Good: "My favorite part of the site is 'Customer Service.' It provides some excellent features, such as downloadable forms and easy-to-understand ways to contact EATEL. Between the 'Frequently Asked Questions' and 'How to Use Your EATEL Service,' you can solve a lot of your own problems. But if you can't, it's easy to report a problem with the online form they offer."

Bad: "The 'Shop Online' section is my least favorite. Regardless of the option you choose, you end up back at the page that asks for your phone number. Many people hesitate to give this information. But you can't get any pricing information without putting in your phone number. As an alternative, you could provide general pricing guidelines. At a minimum, the company needs to reassure users that it will not save their phone number or have a salesperson call based on their entering the number on the page."

Recommendations: "All of the options on the left side of the front-page point again to that 'Phone Number Please' page, so you can't really get any information from the site. I recommend providing some basic information. Otherwise, you lose a lot of visitors who can't get past the 'Number Please' request."

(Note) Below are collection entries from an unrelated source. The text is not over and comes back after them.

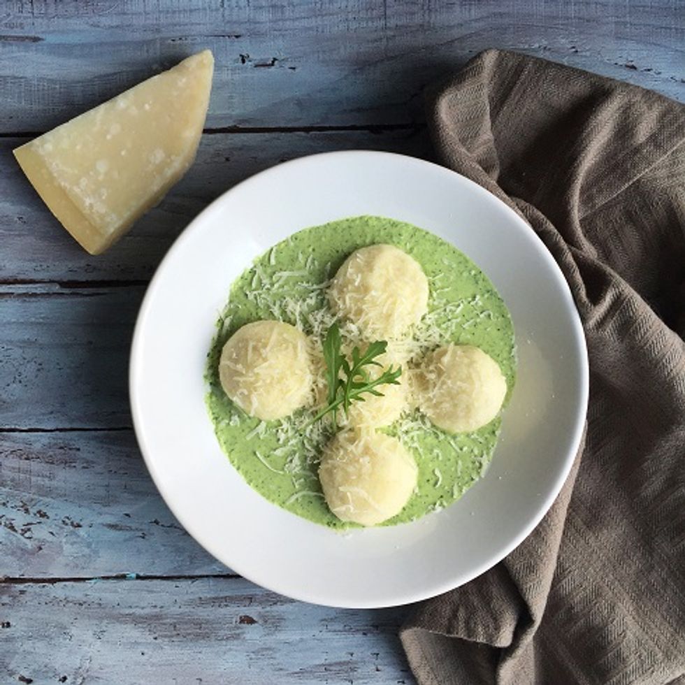 Gnudi with Arugula Greek Yogurt Pesto
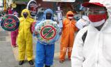 REPUBLIKA.CO.ID, SOLO -- Relawan memakai pakaian hazmat dan mengusung poster untuk memperingati Setahun Pandemi COVID-19 di Indonesia saat aksi di Jalan Gatot Subroto, Solo, Jawa Tengah, Selasa (2/3).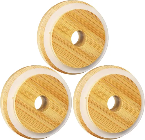 Tapas de bambú para vasos de vidrio, tapas de madera para latas de cerveza de 16 oz con agujero para pajilla, cubierta de repuesto para tarros Mason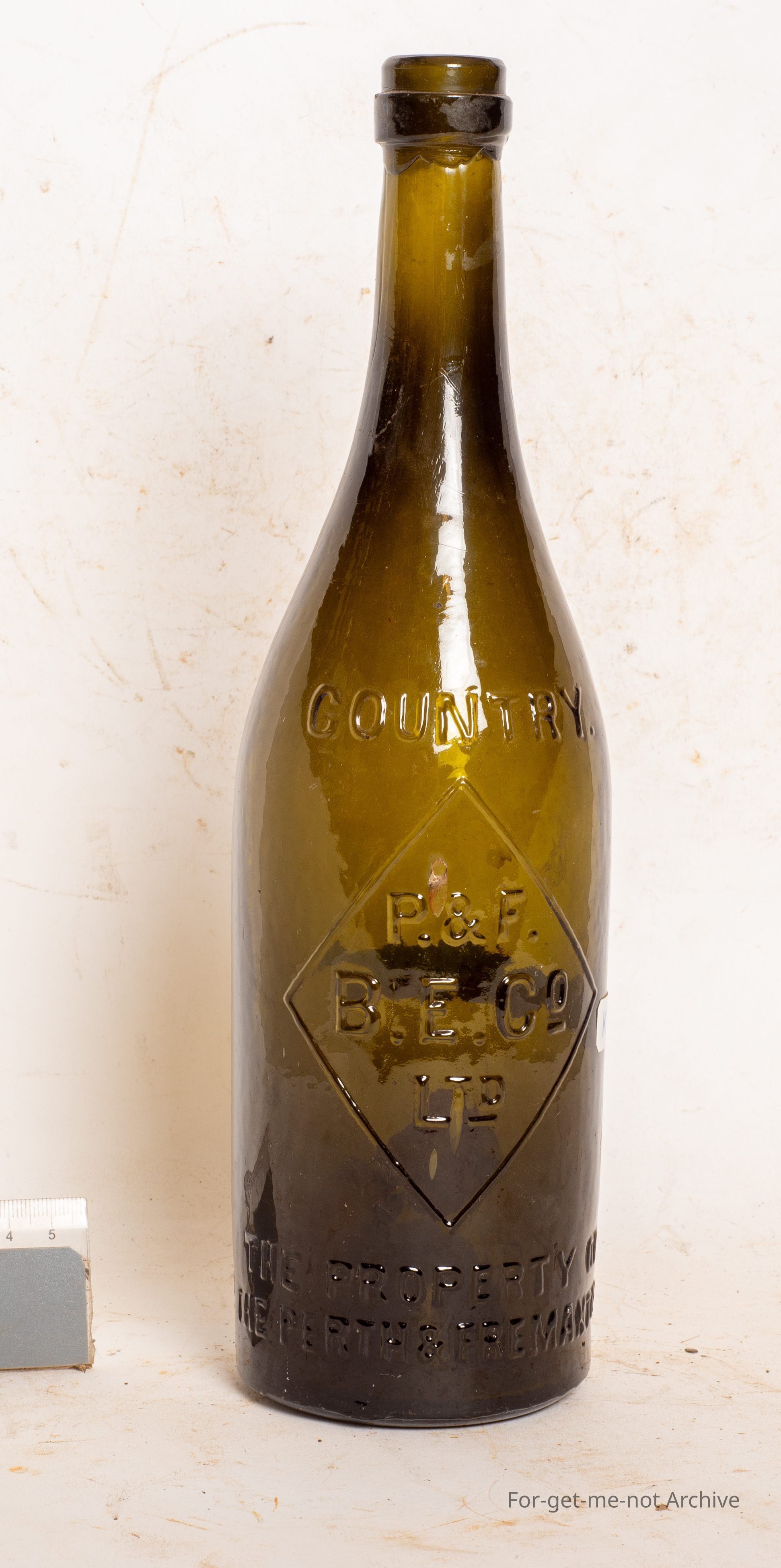 This is a pretty early bottle in beautiful condition, sort of a greenish colour, embossed. P and F BEC CO Limited. The property of Perth and Fremantle Bottling Company.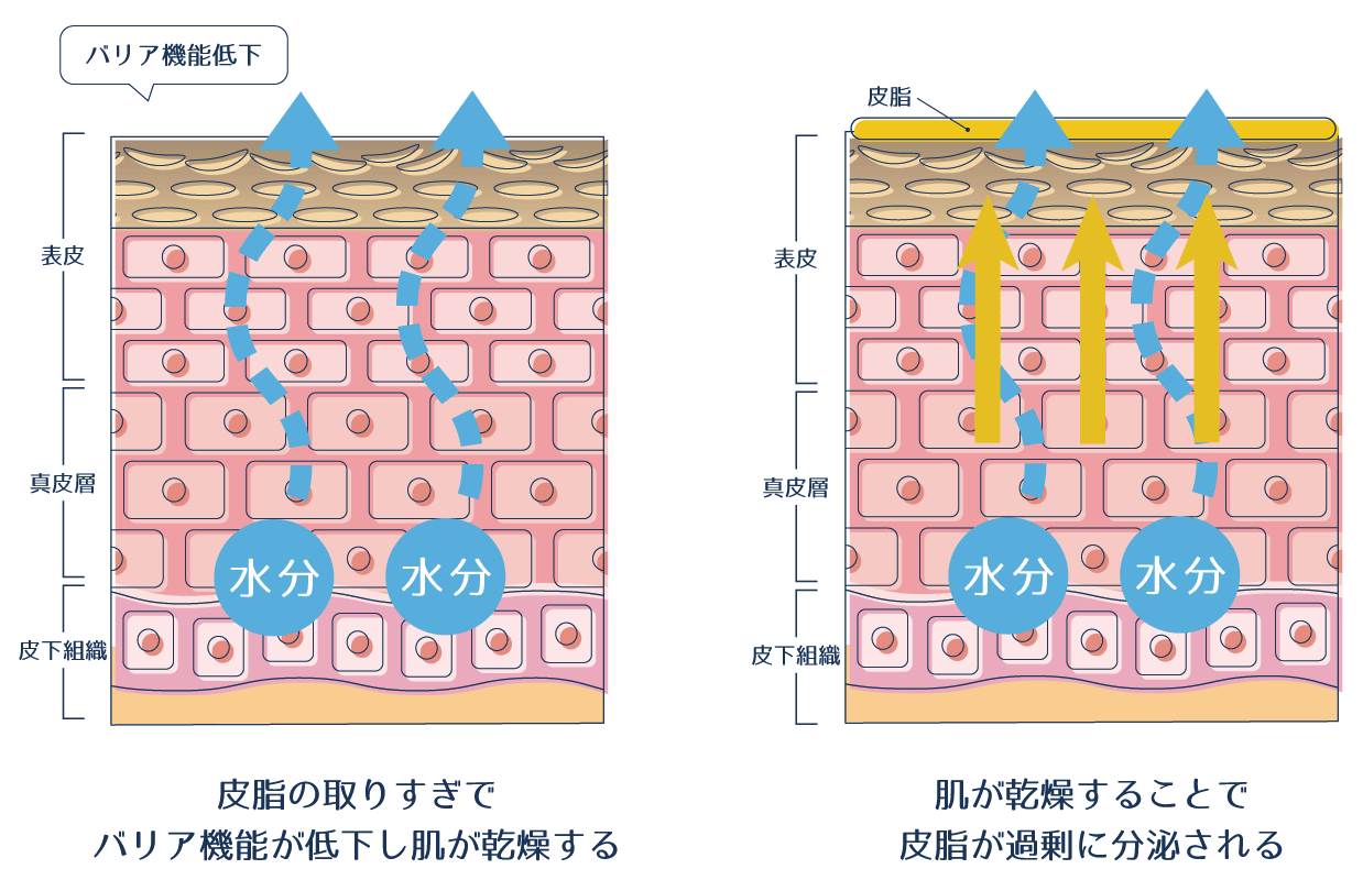 皮脂が少なくなると肌が乾燥し、水分量を保つためにより皮脂が分泌されます。

The site: Louisiana State University


The reviewer: Bryan Eisenberg, chief information officer for online marketing firm Future Now Inc. in New York City and author of "ROI Marketing." Visit his company at www.futurenowinc.com

Good: "The site seems to do very well in terms of content and navigation for people who are familiar with the university. The design is also crisp and professional, with a lot of images."

Bad: "As someone who is not familiar with the university and visiting the site for the first time, I ask myself, just like most people will, 'What is in it for me?' I, like any other visitor, need to know in the first eight to 10 seconds what the site is all about and what it has to offer me. The site seems to be a collection of numerous sites where the look, feel and navigation seem to change. For example, when I went to the section for 'Undergraduate Admissions,' the colors changed and the layout of the page was significantly different. I was greeted with a huge image that did not tell me what I needed to do to apply or what the requirements were."

Recommendations: "Add more text. The fact the home page is made up mostly of images means that the search engines have nothing they can read. This could make it more difficult to find the Web site. The areas for prospective students, staff, researchers, alumni and visitors could all be done as text instead of graphics."